Optimization of listing timing and promotions:

  • Leverage seasonality: Intensify marketing and promotion efforts during peak sales months (spring/summer) to maximize listing conversion.
  • Manage listing efficiency: Monitor the listing efficiency index over time and take actions (e.g., price revision, improved descriptions, new channels) in periods or areas with lower performance.

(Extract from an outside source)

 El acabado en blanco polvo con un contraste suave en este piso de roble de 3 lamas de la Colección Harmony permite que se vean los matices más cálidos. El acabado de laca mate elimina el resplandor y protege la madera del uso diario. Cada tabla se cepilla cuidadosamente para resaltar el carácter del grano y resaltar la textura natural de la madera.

Predictive modeling and continuous monitoring:

  • Implement flexible predictive models (e.g., GAM) to forecast sales volumes based on the number of listings, months on market, and territorial characteristics, improving commercial planning.
  • Analyze residuals and outliers to identify anomalous cases and adapt listing management strategies for particularly complex markets.

Development of customized KPIs:

  • Use the listing efficiency index as a standard metric, integrated with territorial and temporal variability indicators, to continuously and promptly assess campaign quality and intervene quickly.
  • Monitor market liquidity through variables such as average months to sell listings (months_inventory), to calibrate prices, incentives, and positioning strategies.

Improvement of offer and demand segmentation:

  • The correlation analysis between median price and sales volume suggests the need to evaluate targeted offers for specific market segments with different price and demand characteristics, avoiding risky one-size-fits-all strategies.